Soy molasses is brown viscous syrup with a typical bittersweet flavor. A by-product of aqueous alcohol soy protein concentrate production, soy molasses is a concentrated, desolventized, aqueous alcohol extract of defatted soybean flakes.

The term "soy molasses" was coined by Daniel Chajuss, the founder of Hayes Ashdod Ltd., which first commercially produced and marketed soy molasses in the early 1960s. The name was intended to distinguish the product from “soybean whey” or “condensed soybean solubles”, the by-products available at the time from soy protein isolate and acid washed soy protein concentrate production.

Manufacture
The alcohols are removed from the liquid extract by evaporation and the distillation residue is an aqueous solution of the sugars and other soy solubles. This solution is concentrated to viscous honey-like consistency to yield soy molasses.

Composition
Typically, soy molasses contains 50% total soluble solids. These solids consist of carbohydrates (60%), proteins and other nitrogenous substances (10%), minerals (10%), fats and lipoids (20%). The major constituents of soy molasses are sugars that include oligosaccharides (stachyose and raffinose), disaccharides (sucrose) and minor amounts of monosaccharides (fructose and glucose). Minor constituents include saponins, protein, lipid, minerals (ash), isoflavones, and other organic materials.

Use
Soy molasses is used as a feed ingredient in mixed feeds as pelleting aid, added to soybean meal (e.g. by spraying it into the soybean meal desolventizer toaster), mixed with soy hulls, and used in liquid animal feed diets. Soy molasses can be used as a fermentation aid, as a prebiotic, and as an ingredient in specialized breads.
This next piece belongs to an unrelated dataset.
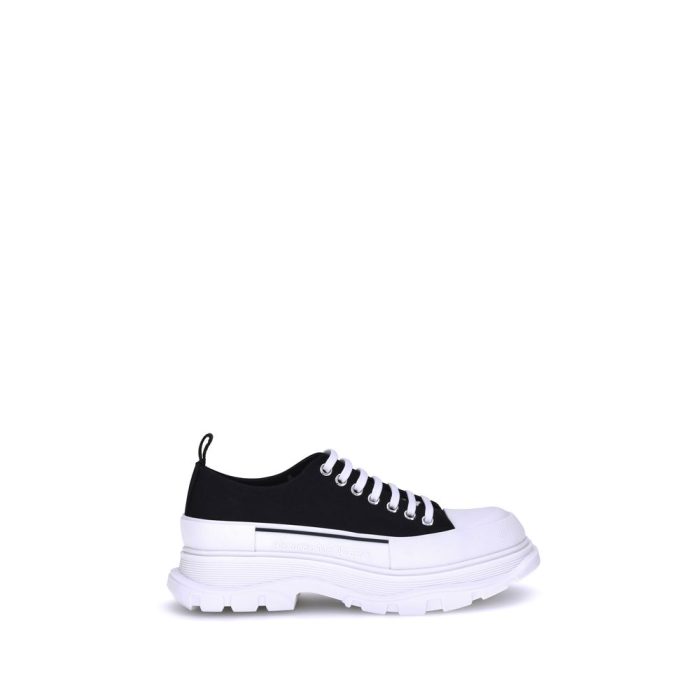 The Tread Slick Sneakers by Alexander McQueen feature a lace-up front closure and heel pull for easy donning. Featuring a platform sole and a round rubber toe, they also feature the logo imprinted on the side, combining style and comfort in a contemporary design.

It is also possible to burn soy molasses in a dedicated boiler to generate process steam. In combination with a support fuel (e.g. natural gas, ...) the low calorific liquid can be valorized in a steam boiler.

Soy molasses is an important commercial and biological product, and a source of phytochemicals and soy sugars.

References
 Daniel Chajuss, Soy Molasses: Processing and Utilization as a Functional Food, in KeShun Liu, Editor, Soybeans as Functional Foods and Ingredients, AOCS Press, Champaign. Ill., USA, pp. 201–208, 2004.